§ Try it
Print exactly the lines below between the line containing "White frayed edge, straight" and the line containing "The striking blue", counting both of those lines. Leave pictures out.

§ Data section
********

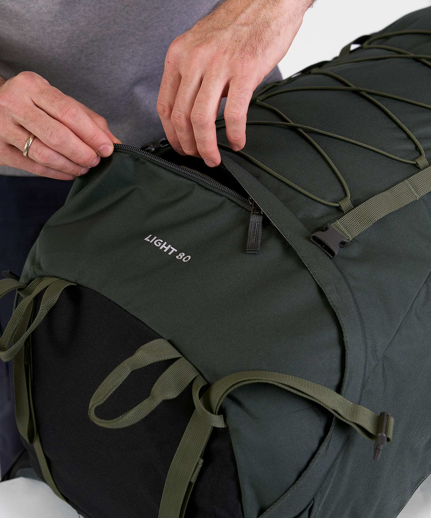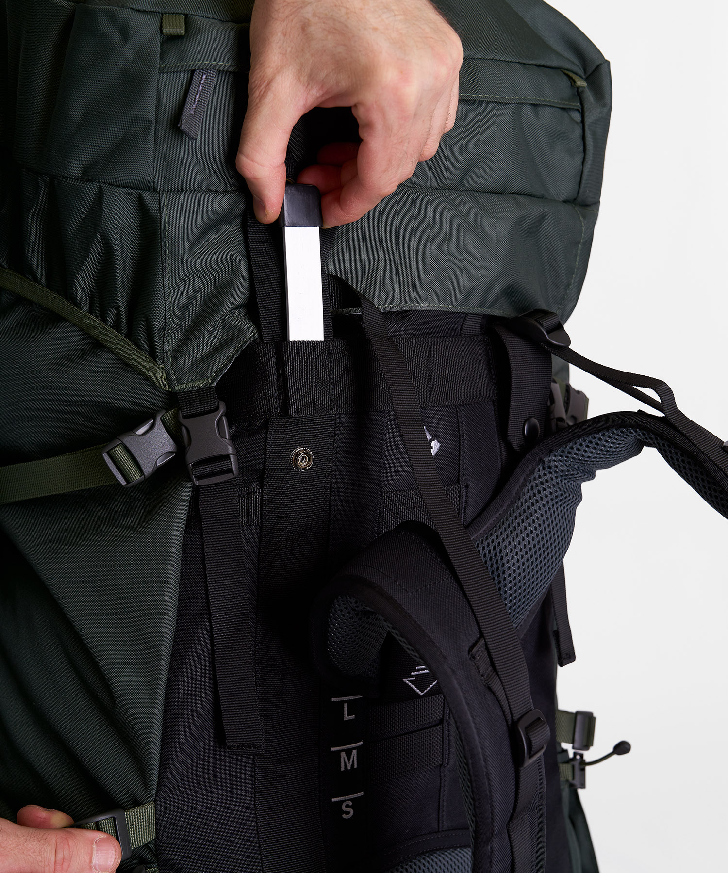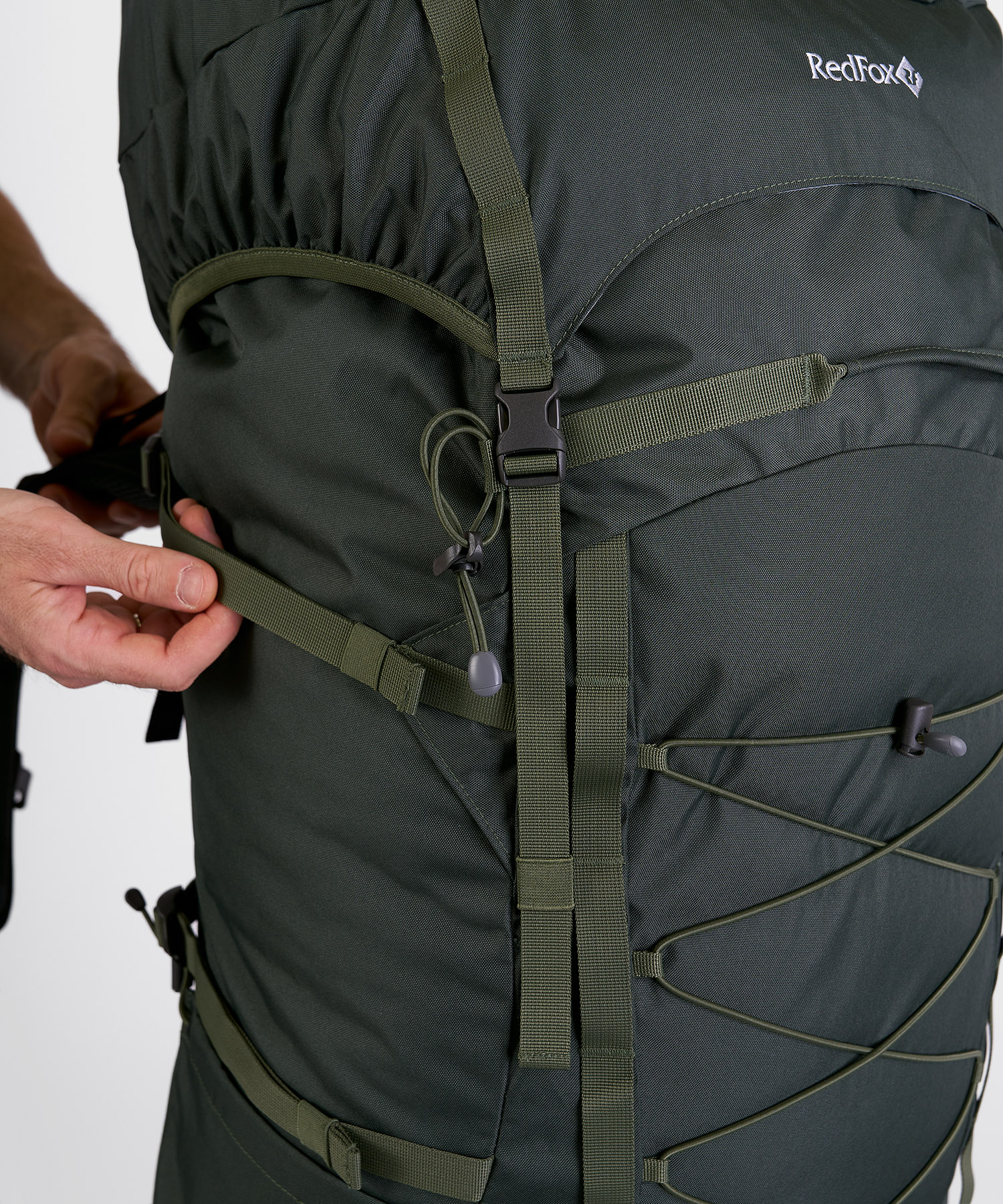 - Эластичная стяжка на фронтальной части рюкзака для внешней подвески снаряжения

********

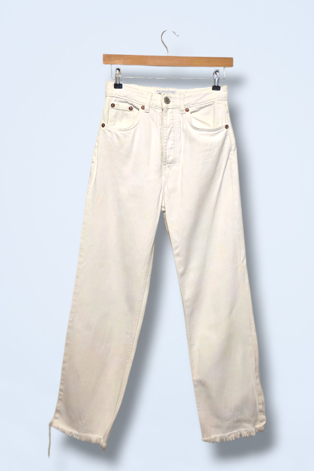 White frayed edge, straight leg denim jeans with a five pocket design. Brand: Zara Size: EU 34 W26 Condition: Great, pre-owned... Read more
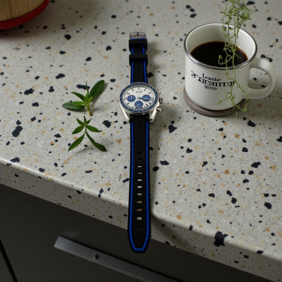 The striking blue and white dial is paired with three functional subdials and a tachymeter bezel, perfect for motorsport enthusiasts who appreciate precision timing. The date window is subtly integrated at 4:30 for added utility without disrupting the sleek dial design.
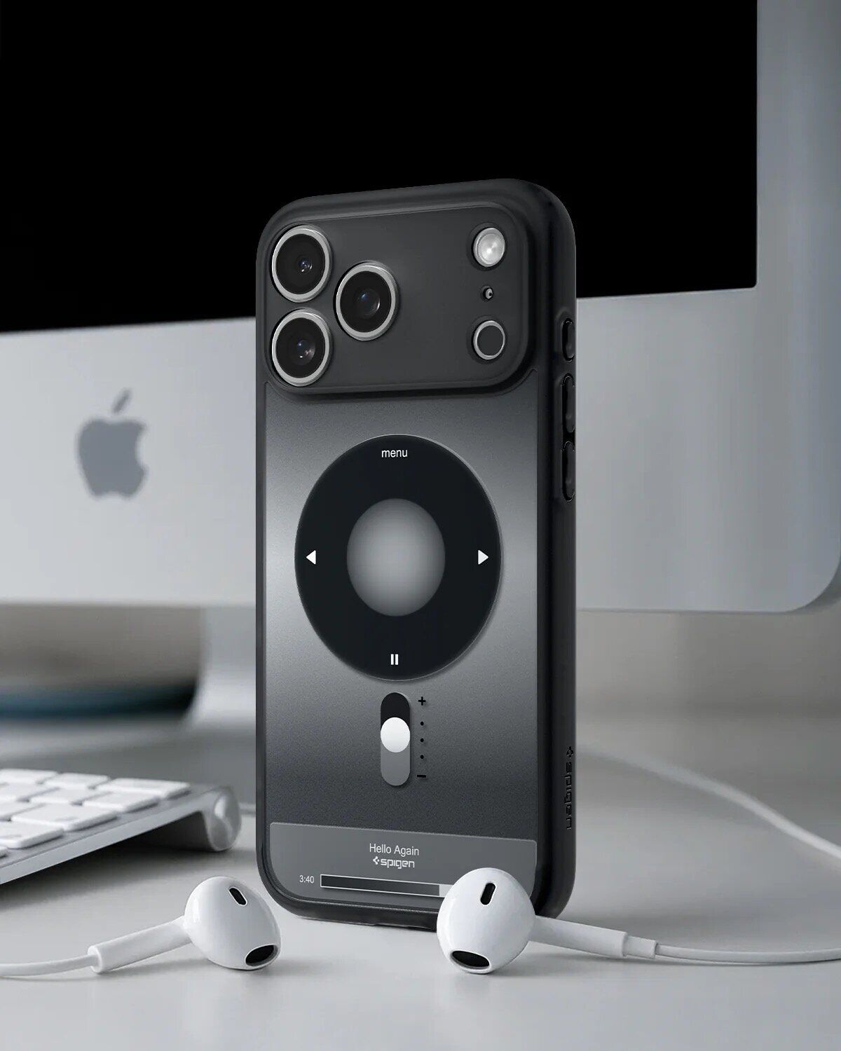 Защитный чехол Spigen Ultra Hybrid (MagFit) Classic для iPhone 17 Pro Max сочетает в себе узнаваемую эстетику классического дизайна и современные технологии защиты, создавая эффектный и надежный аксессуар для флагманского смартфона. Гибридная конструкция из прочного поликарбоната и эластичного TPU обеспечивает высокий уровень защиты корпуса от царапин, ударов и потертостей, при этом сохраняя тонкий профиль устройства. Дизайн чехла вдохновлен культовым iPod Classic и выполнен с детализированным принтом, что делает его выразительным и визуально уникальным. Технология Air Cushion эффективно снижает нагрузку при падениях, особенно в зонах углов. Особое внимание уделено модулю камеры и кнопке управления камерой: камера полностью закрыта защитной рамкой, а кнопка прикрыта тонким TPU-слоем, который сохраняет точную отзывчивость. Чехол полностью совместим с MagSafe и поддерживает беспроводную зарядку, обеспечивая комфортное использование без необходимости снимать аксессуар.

********

§ Written response
 White frayed edge, straight leg denim jeans with a five pocket design. Brand: Zara Size: EU 34 W26 Condition: Great, pre-owned... Read more
 The striking blue and white dial is paired with three functional subdials and a tachymeter bezel, perfect for motorsport enthusiasts who appreciate precision timing. The date window is subtly integrated at 4:30 for added utility without disrupting the sleek dial design.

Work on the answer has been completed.